Moreover, he said, the market recently has been sending wrong signals to US refiners "by collapsing product-to-crude (price) spreads and weakening refinery margins." As a result, said Horsnell, "Within a month, the system has gone from trying to run at a dangerously fast rate to now producing too little for balance." With markets tightening and the summer driving season now in full swing, he said, "The opportunity to ease the gasoline situation has been lost."

Iraq
One thing that has changed in the past 3 months is the market's perceptions of postwar Iraqi oil production, Horsnell said. "Far from being an opportunity for oil companies and a mechanism for weakening (the Organization of Petroleum Exporting Countries)," he said, "Iraq is instead a continuing source of bad news and rapidly becoming just a gray area on the map. The intensity of attacks against Iraqi oil infrastructure and the failure so far of coalition forces to begin to get a grip on the situation suggests that this will be a long running story."

Horsnell said, "Indeed, we would now even question whether Iraqi output can ever regain the prewar production level in a sustainable fashion during what now looks likely to be a lengthy period of occupation. The combined time necessary for conditions to be stabilized, for there to be an Iraqi government, for petroleum laws to be formed, for negotiations to be carried out, and then for oil companies to begin operations to develop fields, now seems to stretch well beyond 2010."

Natural gas
The July natural gas contract inched up 6¢ to $5.76/Mcf Wednesday on NYMEX, "essentially splitting the difference between major open interest levels at option strikes of $5.50(/Mcf) and $6(/Mcf), and could be an impetus for another push upward," said analysts Thursday Enerfax daily.

EIA reported Thursday a record 127 bcf of gas was injected into US underground storage during the week ended June 30, up from 114 bcf the previous week and 95 bcf during the same period last year. US gas storage now stands at 1.6 tcf, down 653 bcf from a year ago and 370 bcf below the 5-year average.

That's the second time this month that EIA has reported record injections. Its June 12 report of a record 125 bcf injection for the week ended June 6 triggered a sharp price drop of 60.7¢/Mcf on NYMEX (OGJ Online, June 13, 2003).
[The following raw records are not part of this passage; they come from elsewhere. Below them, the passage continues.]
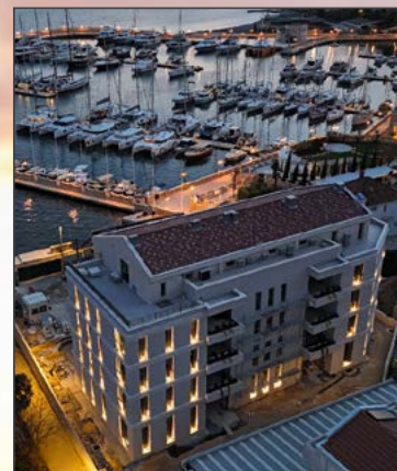
A Star Marina Luxury housing project of 32 flats Herceg Novi - Meljine Completed

As a property owner in Montenegro, you can apply for a residence permit and, if desired, earn Euro rental income by renting seasonally or long-term.
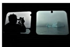
1 plass 2018 Guðmundur St. Valdimarsson - Island.jpg
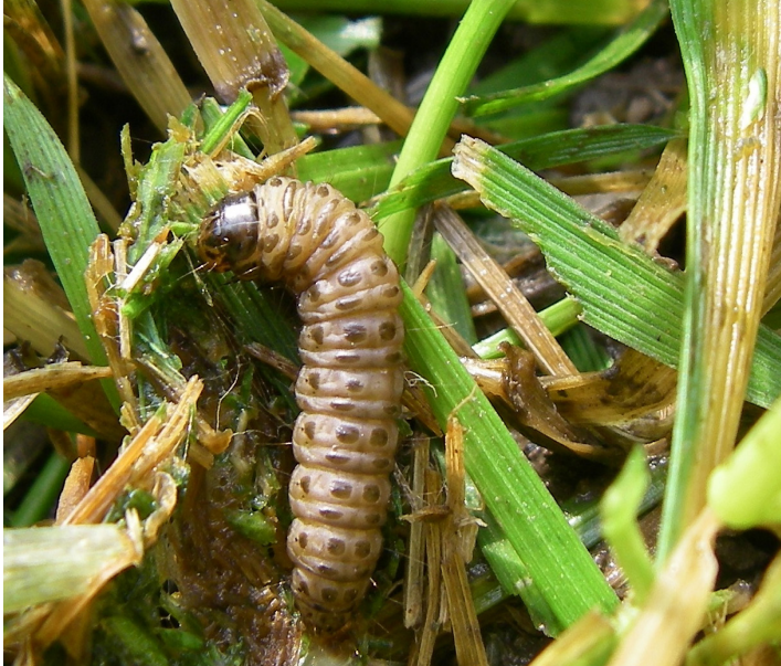
Figure 12. Sod webworm caterpillar with rows of dark, square spots.

Sod webworms are the immature stage (larva/caterpillar) of several small buff-colored moths that are common during the summer months. The moths are easily observed as they fly from the turf when disturbed, only to light again several yards away where they typically align themselves lengthwise along a blade of grass. They roll their wings close around the body when at rest and they posses an elongated snout that gives their heads a conical appearance. Adults do not feed, but mate and drop their eggs into the turf canopy during the evening. Larvae (Fig. 12) overwinter in silken tunnels and emerge in the spring to feed on grass stems crowns and leaves. Damage usually occurs in sunny areas and may appear as irregular, brown patches that take on a thin or ragged appearance during the summer. On short-cut golf course turf, overwintered larvae may attract attention due to their habit of knitting together small pieces of debris or topdressing material over the entrances to their burrows. Two to three generations of sod webworms may occur each season.
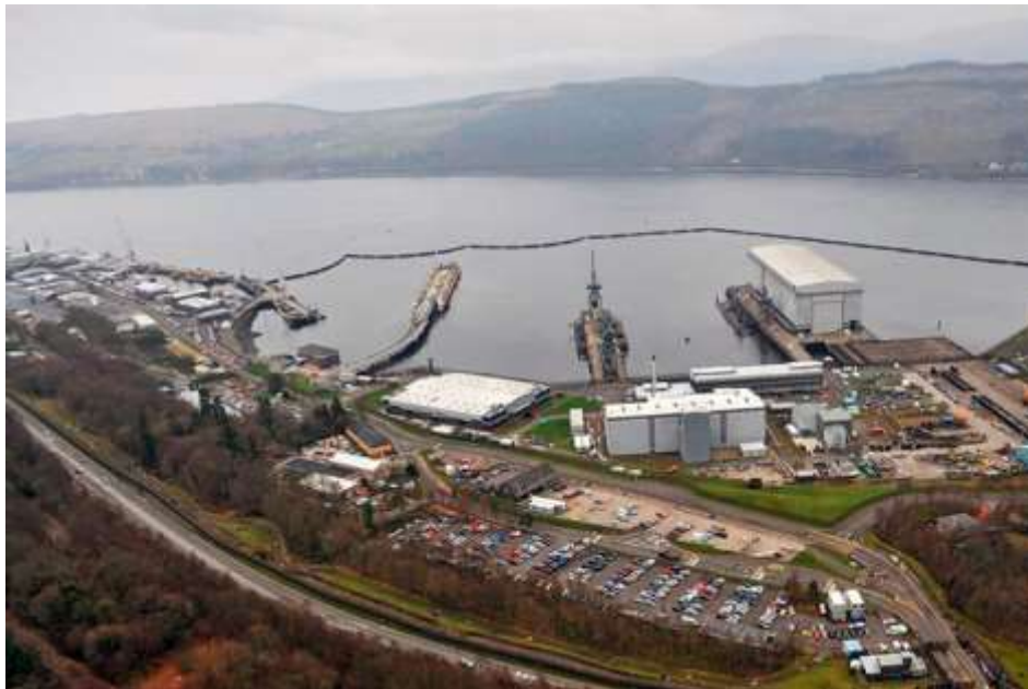
Figure 7: From left to right: Valiant Jetty, Finger Jetty and Shiplift building at Naval Base Clyde in Faslane
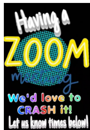
Job;s are visiting on Zoom and inviting other Bethel's to crash their party.
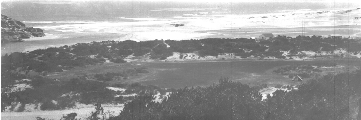
AN EARLY PHOTOGRAPH OF THE ISLAND CIR 1900. THE CENTRE OF THE ISLAND WAS THEN COVERED WITH WATER. THE ISLAND MUST HAVE CHANGED SHAPE OVER THE YEARS AND AN EARLY MAP SHOWS THE ISLAND SPLIT IN TO TWO PARTS WITH A CHANNEL DOWN THE MIDDLE.

THIS HAS BEEN A BUSY MONTH AND NISDE IS AWAY ON LEAVE
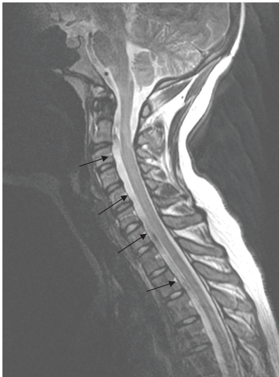
Figure 2 T2-weighted MRI of the spinal canal in the sagittal plane demonstrates a probable arachnoid cyst located anterior to the spinal cord from C2 and downwards. Additional MRI of the thoracic spine showed extension down to Th10. The MRI was performed one year after the accident.

cases and is referred in more detail below. Thus one has a good basis for the diagnosis of the syndrome in this trauma patient.
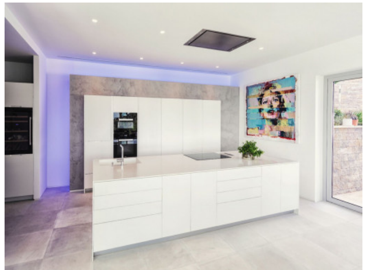
Modern kitchen with island
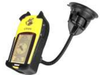
RAP-105-6224-GA5 RAM FLEX ARM MOUNT FOR THE GARMIN E-TREX
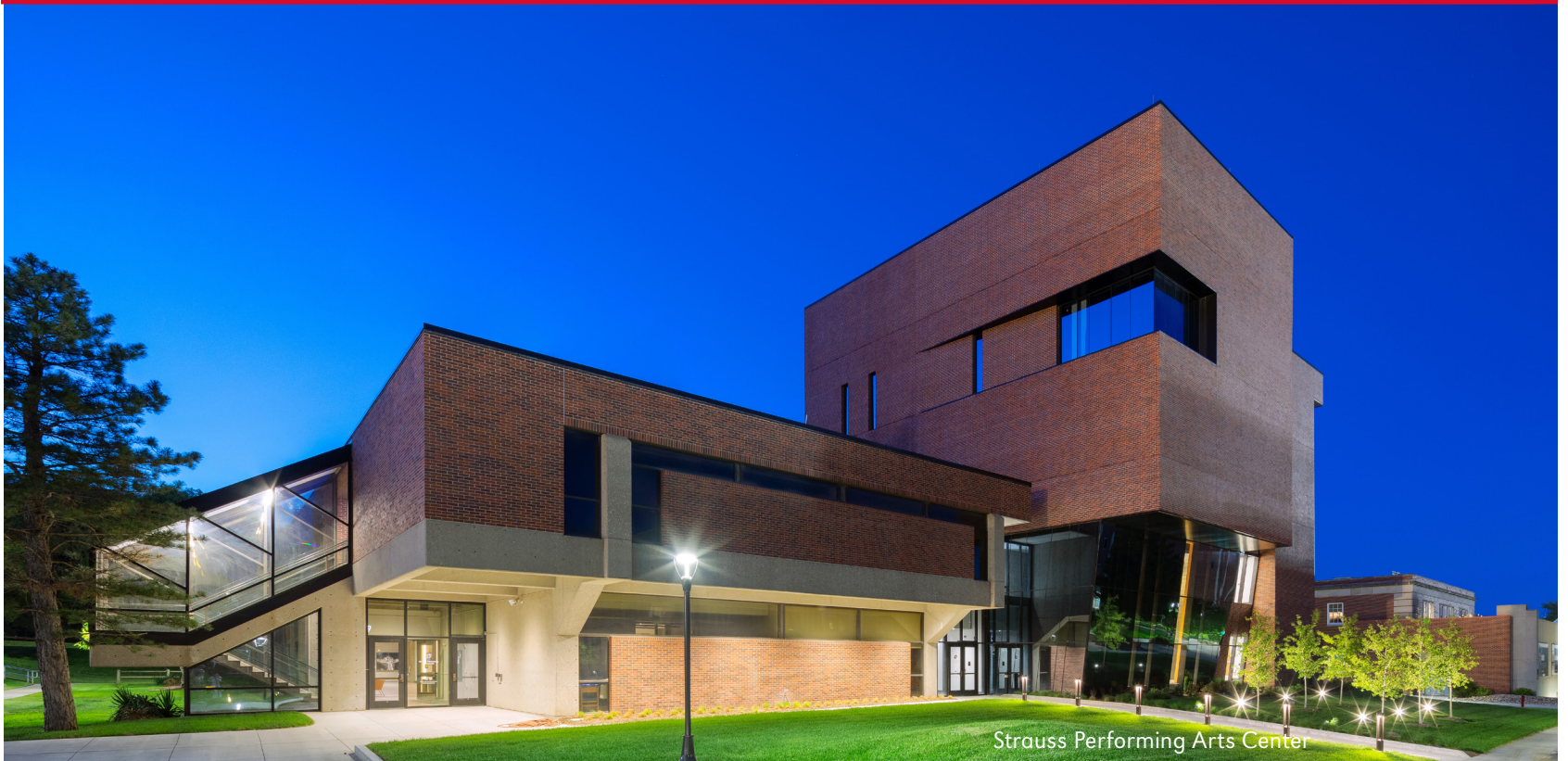
Strauss Performing Arts Center
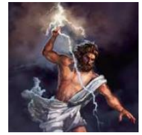
Zeus shown throwing a lightning bolt.

In Ancient Greek religion, people worshipped many different Gods. Zeus was the king of the Greek gods who lived on Mount Olympus. He was the god of the sky and thunder. His symbols include a golden, jagged lightning bolt and a fierce, mighty eagle.
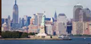
9th & 13th Congresses New York City
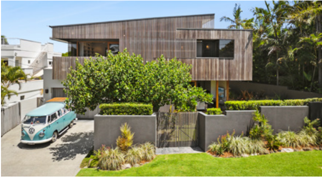
HOUSE 5 3 2 | 10 Ross Crescent, Sunshine Beach Purchased $4.35M
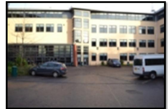
St Thomas of Aquins School, Back Entrance
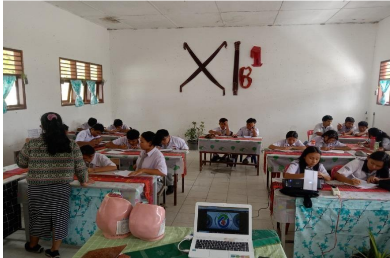
Figure 3. The atmosphere of pre-test activities (students answer questions on a piece of paper)

From the data, it can be concluded that the students of SMK Negeri 1 Simanindo still lack understanding about reproductive issues and when asked, some of them said that talking about reproduction is embarrassing and taboo, and some even never discussed it in the family or at school. Only a few students get good education about reproduction and get it from the family.
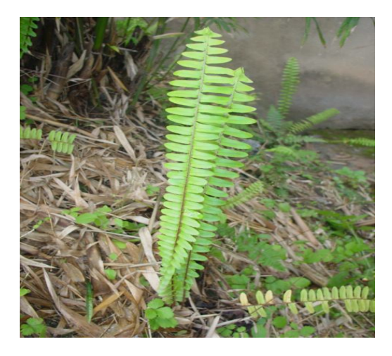
Figure2. Nephrolepis cordifolia, entire plant

KATHMANDU UNIVERSITY JOURNAL OF SCIENCE, ENGINEERING AND TECHNOLOGY VOL. I, No. V, SEPTEMBER 2008, pp 68-72.
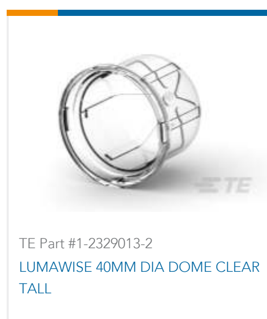
TE Part #1-2329013-2 LUMAWISE 40MM DIA DOME CLEAR TALL
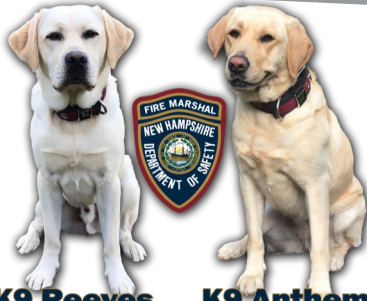
K9 Reeves K9 Anthem
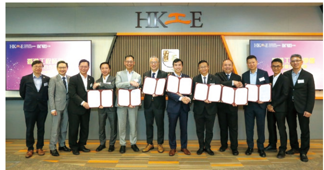
Signing ceremony of co-operation agreements with six leading corporations
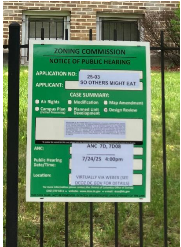
4. 6/10/2025 East Capitol St SE
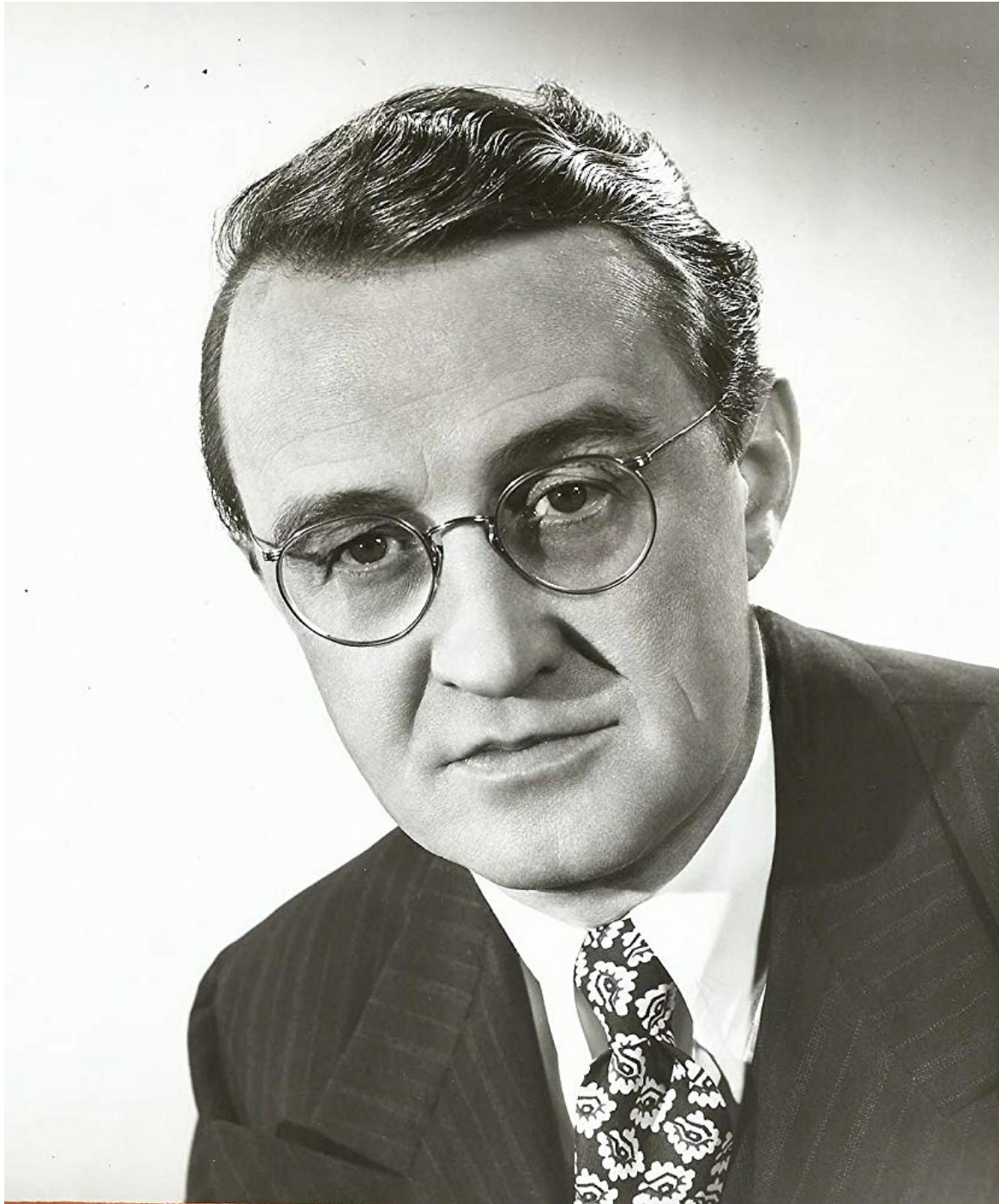
c) Arthur Shields

However, a subsequent EIA report reduced that injection to 114 bcf (OGJ Online, June 20, 2003.

If this report bears out, it will be the largest injection ever recorded by EIA and will surpass the previous record high of 120 bcf reported by the American Gas Association when it tracked that data.

Meanwhile, Daniel Yergin, chairman of Cambridge Energy Research Associates, said Thursday, "The US faces a natural gas shortage that is reflected in today's higher natural gas prices, and the prospect of sustained high and disruptive prices looms if the summer is too hot or the winter too cold."

Speaking at a summit meeting on natural gas cohosted by Energy Secretary Spencer Abraham and the National Petroleum Council, Yergin warned, "The magnitude of the crisis will be measured in the bills faced by homeowners, power suppliers, and industrial users, and in the plants shut down, jobs lost, and industrial production capacity exported."

Other prices
In London, the August contract for North Sea Brent oil jumped by $1.03 to $27.65/bbl Wednesday as traders, surprised by the fall in US inventories, scrambled to close out short sales on the International Petroleum Exchange. However, the July natural gas contract lost 2.2¢ to $2.81/Mcf on IPE.

The average price for OPEC's basket of seven crudes gained 32¢ to $26.58/bbl on Wednesday.